Случалось всякое, но главное, кодла поняла, что Юру воздействием физическим можно утомить, измочалить, но не сломать. Сломать можно, конечно, любого, применяя пытки, но подобное, во-первых, расценивалось как беспредел, и при этом пострадавший, если не накосячит в состоянии аффекта, в принципе, мог рассчитывать на справедливую «правилку». А во-вторых, с какой стати «доводить» мужика, который не стучит, не подстилается, подлянок не кидает, на рабочке пилит доски для ящиков, мебельную фанеру и древесно-стружечные плиты наравне с прочими, перхает от опилок, как все, и не жилится, когда подъезжает посылка? На это есть другие, дрянь человеческая, которую растоптать и разорить святое дело. И если стучал, подличал, жадничал, жмотился, одна тебе дорога в случае разорения – собирать помойные отбросы, превратившись в «черта», и попрошайничать. Потому что, питаясь только в столовке, с голоду, может, и не помрешь, но спятишь, любуясь на то, как другие, пусть редко, но жуют печенье из посылок, ломают плиточный чай, тщательно собирая крошки, и мирно чифирят своим семейным кружком и с приглашенными гостями или глотают ядреный дым «Беломора» или «Примы», будто издеваясь, когда у тебя, разнесчастного «черта», без курева уши пухнут.

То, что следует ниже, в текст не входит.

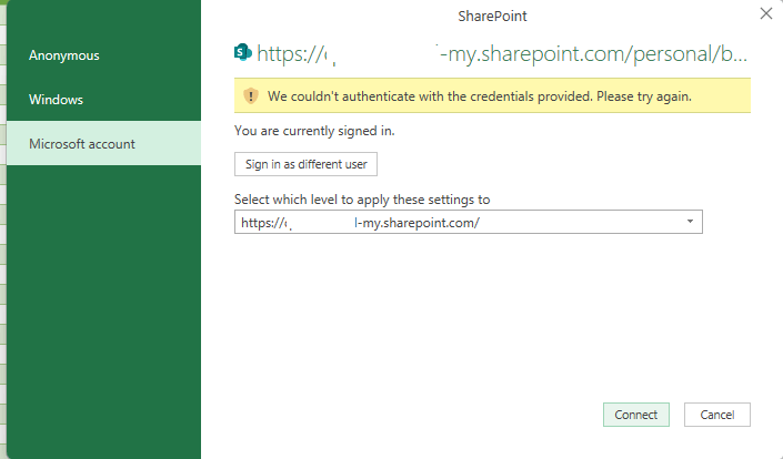 If the situation only happens in a specific workbook, please try to open the workbook in Excel for Web, then try to refresh the connection again. Go to www.office.com, sign into your account, then click the Excel icon in the left sidebar.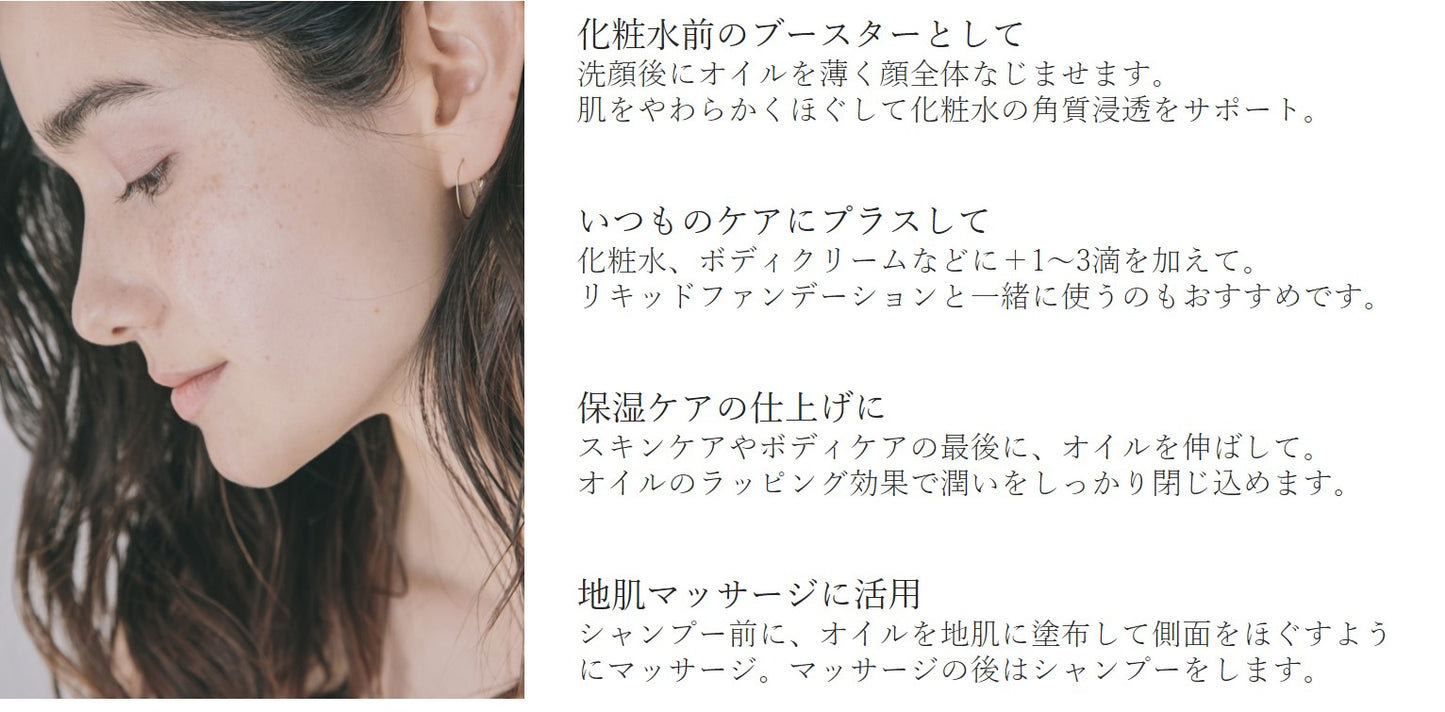 肌と髪をしっかり保湿する「全身美容オイル」です。濃密なアスタキサンチンをはじめとした厳選された美容成分と植物オイルで高濃度保湿。地肌と髪を濃密な潤いで包み込みます。美容成分を凝縮した濃厚さでありながら、伸びがよくベタつかない、とても使い勝手のよいオイルです。乾燥による小じわを目立たなくする(効能評価試験済み)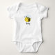 Cute fat yellow bumble bee with three black stripes and a black stinger. A happy smiling face and transparent blue wings. A template below makes it easy to add your baby's name by replacing the example name with your own.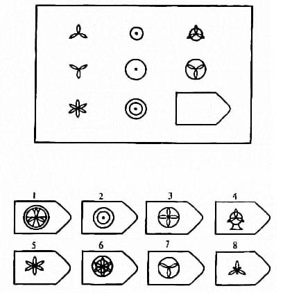 Для построения психологических профилей креативности нарисуйте два круга "Я-реальный" и "Я-идеальный" и разделите каждый на восемь частей. Разметьте полученные отрезки оси с середины на десять равных частей. На них откладываются баллы, которые отмечаются точками на оси каждого креативного показателя. Они свидетельствуют об уровне восьми выделенных креативных склонностей, которые при соединении точек составляют психологический профиль креативнос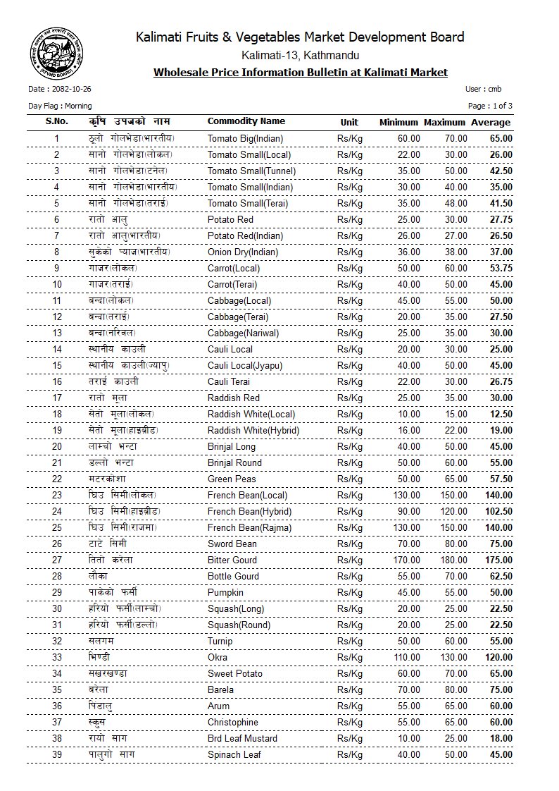 हेर्नुहोस् तरकारी तथा फलफूलहरूको आजको मूल्यसूची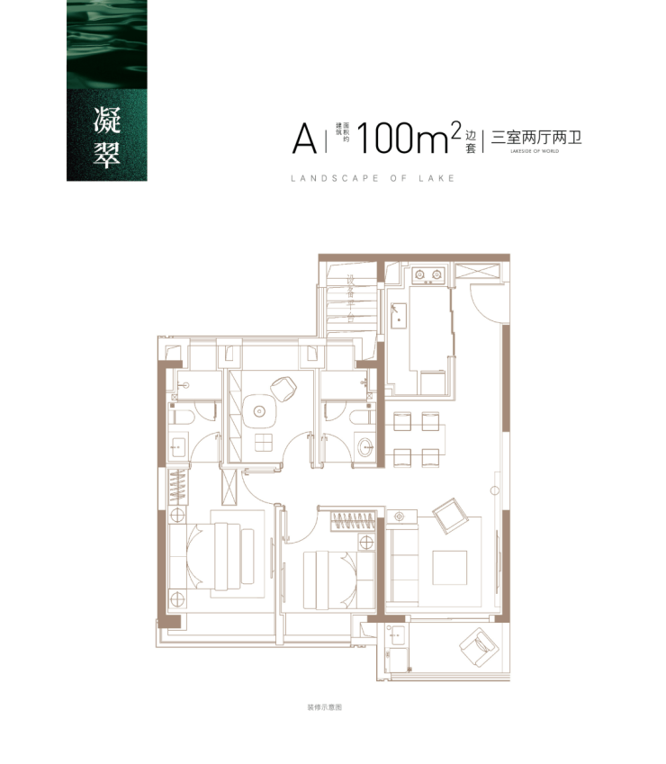 1. 建面约 100㎡ 三室两厅两卫:刚需上车的完美选择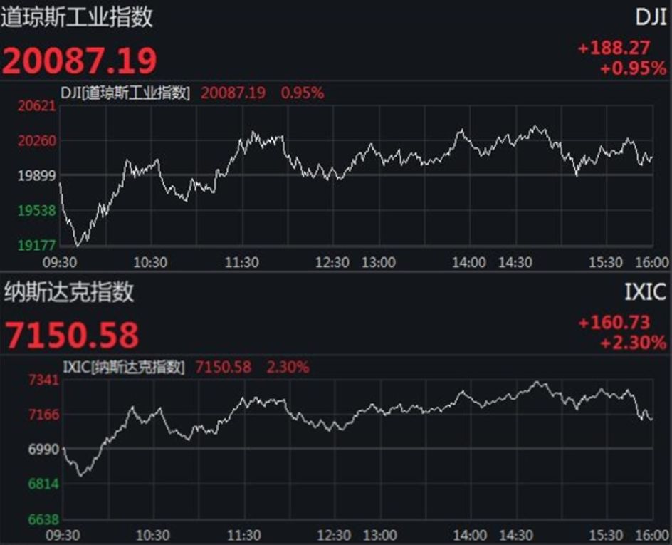 美东时间周四,美股集体收涨。三大股指开盘后走势反复,道指宽幅震荡,振幅超过1200点。截至收盘,道指涨0.95%,报20087.19点;纳指涨2.30%,报7150.58点;标普500指数涨0.47%,报2409.39点。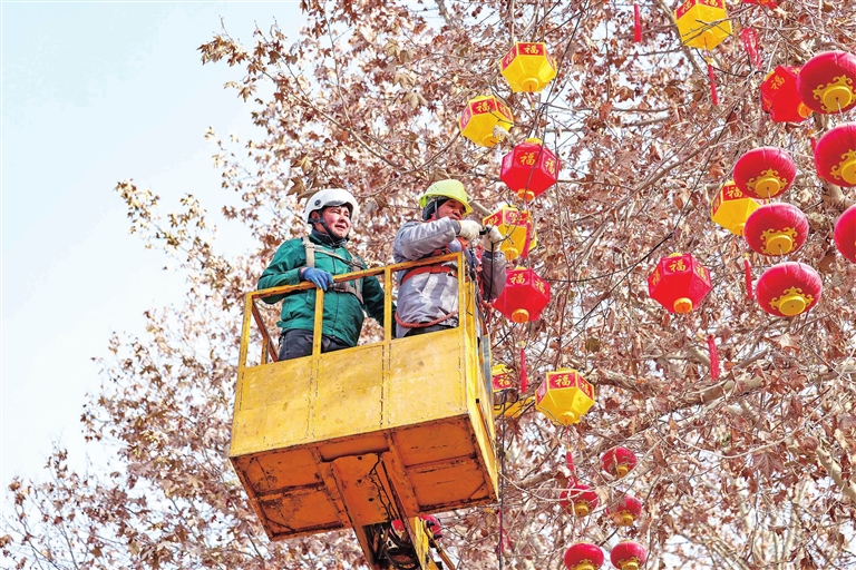 2月2日,在北京西路,和田市市政养护队与市园林绿化服务中心工作人员正分工协作,悬挂红灯笼、铺设彩色灯带。一串串象征吉祥喜庆的红灯笼迎风摇曳,一条条璀璨夺目的彩灯带流光溢彩,让浓厚的节日氛围提前“上线”。

От «чертей» и от представителей враждебных кланов приходилось беречь свои скудные запасы. А также и от лихих, необыкновенно злобных, кровожадных и глупых личностей, называемых отморозками, которых на зоне все прибывало. Срок им обычно давался небольшой, всерьез обживаться на зоне им было ни к чему, и походили они на диких кочевников нрава самого необузданного. Вести с ними разговоры о приличиях и политесе представлялось бесполезным, применять слишком уж крутые меры физического воздействия выходило себе дороже, а опускать, если задуматься, вроде и не за что. Лишь урки из самых умных пробовали тонко манипулировать отмороженными себе на пользу, и бывало, что у них получалось, несмотря на то что дело это было опасное, не менее опасное, чем заклинание змей под дудочку.

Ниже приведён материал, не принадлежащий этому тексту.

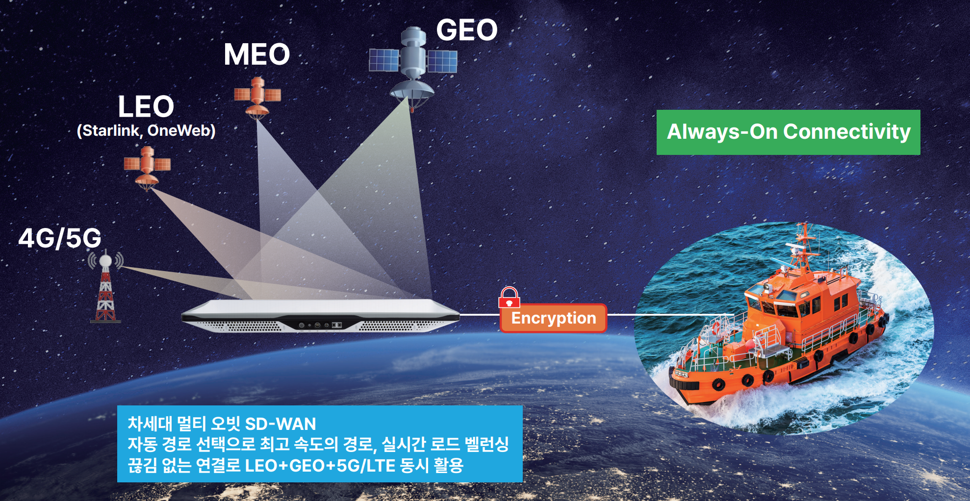 5G/LTE, LEO(스타링크, 원웹) 및 GEO 등 멀티오빗(Multi Obit)으로 다중 무선통신 환경에서 지하터널이나 도심속에서 안정적인 고속 데이터 통신을 구현하는 차세대 SD-WAN(Software-Defined Wide Area Network) 안테나를 개발했다.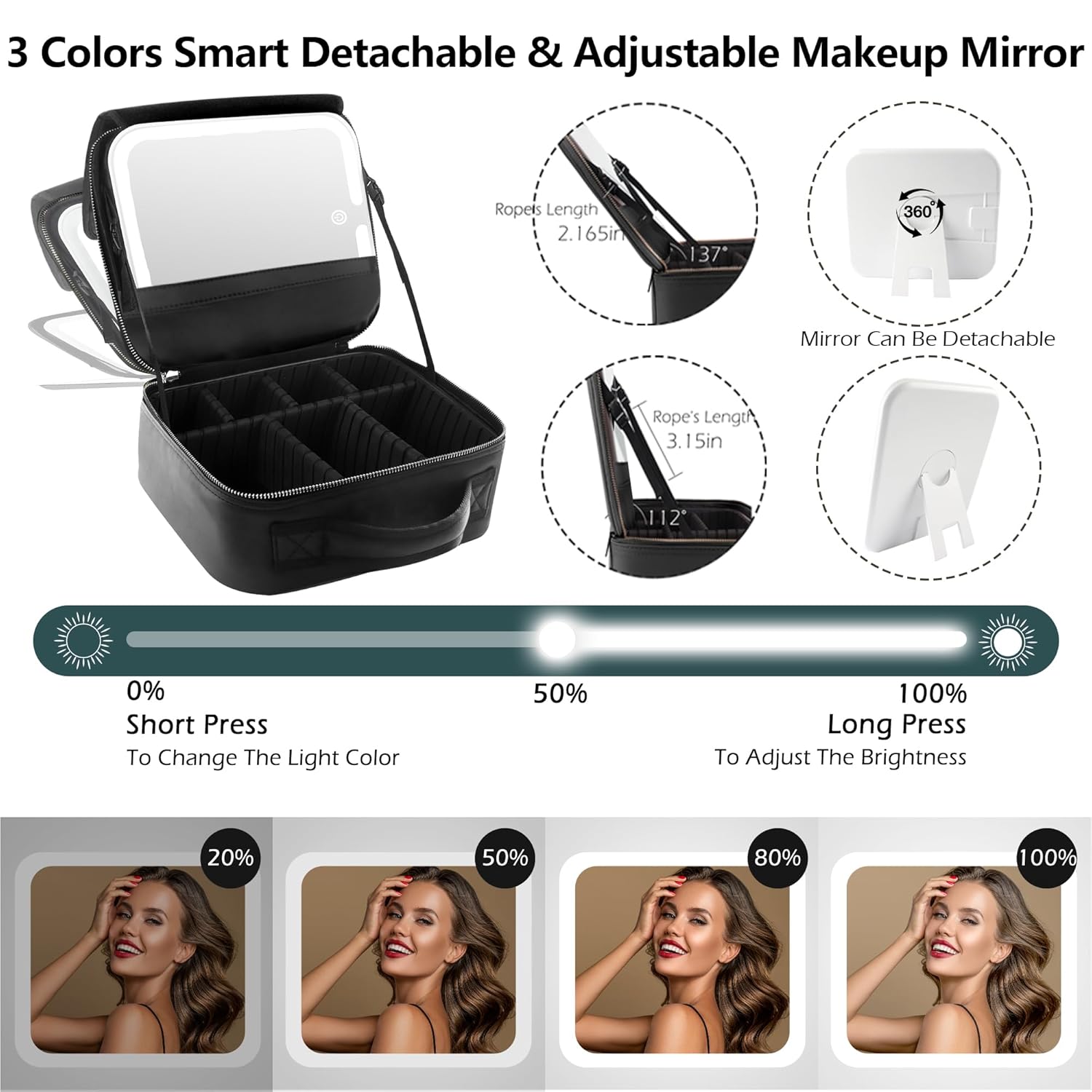 MOMIRA Travel Makeup Bag Cosmetic Bag Makeup Organizer Bag with Lighted Mirror, Adjustable Brightness in 3 Color Scenarios, Waterproof Makeup Train Case, Gift for Women - Woven black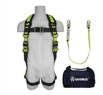 SafeWaze FS126 Fall Protection Kit with Pass Thru Buckles on Legs, 6′ Shock Lanyard in a Bag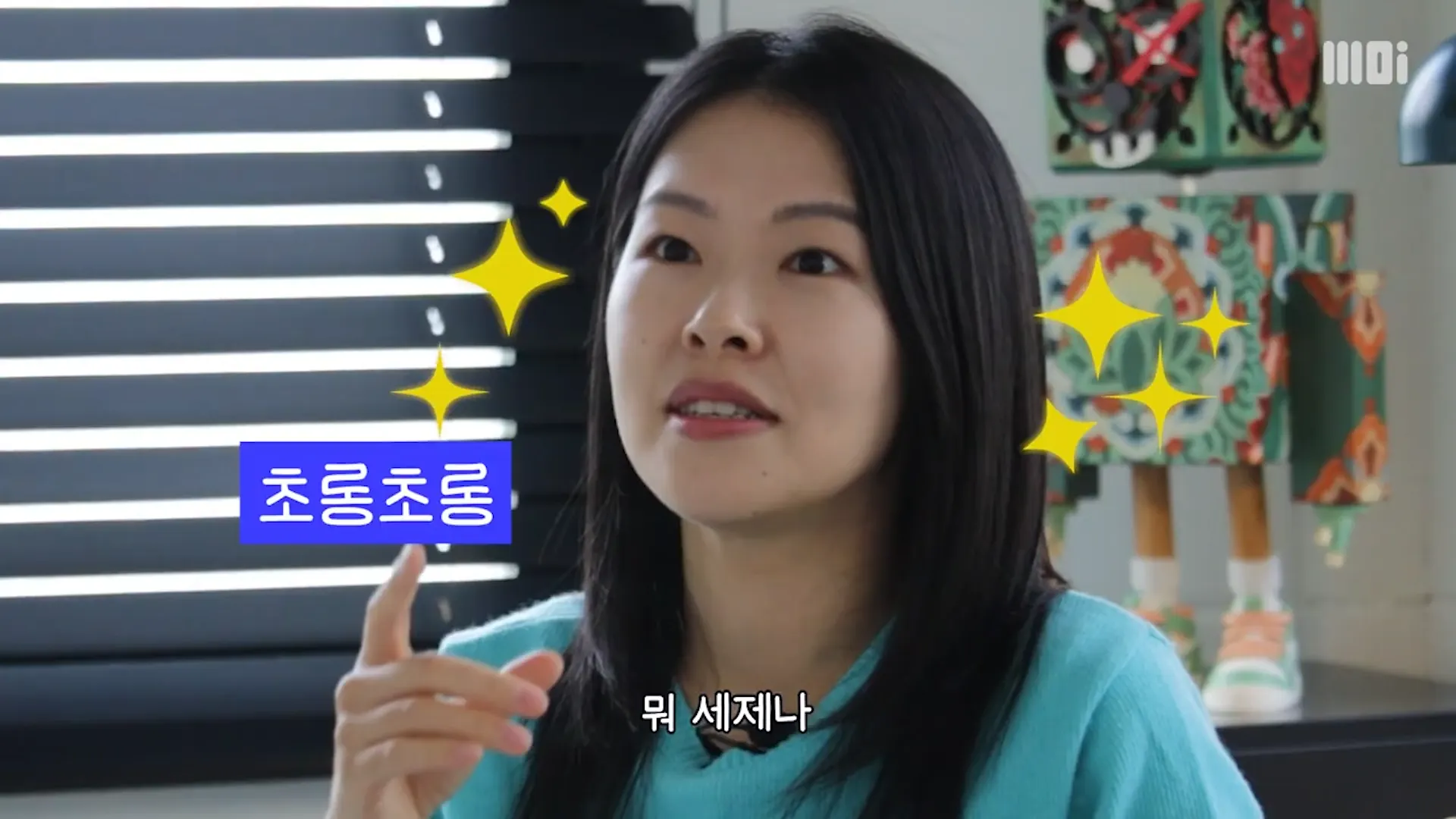 은령의 인터뷰 영상 캡처. 은령이 번뜩이는 표정으로 하고 싶은 일을 이야기하고 있다. 은령의 얼굴 주위로 반짝이는 효과와 ‘초롱초롱’이라는 자막이 적혀 있다.

Однако иногда случалось, что отморозок, переоценив свои волевые возможности, становился «чертом», или нищебродом – «чушкой», или попадал в презираемую категорию обиженных, которым полагался отдельный барак, так называемая «обиженка», место позорное. Душевности неудачнику такие пертурбации отнюдь не прибавляли, а скорее, наоборот, становился он абсолютно беспристрастен в своей злобности. Он в любой момент готов был искусать даже руку дающего, если у дающего не оказывалось заточки наготове и пары преданных, то есть чаще всего попросту прикормленных, бодигардов. Тогда, ну что ж, приходилось выслужить до лучших времен, дожидаясь, когда карта ляжет по-другому, в масть угнетенному.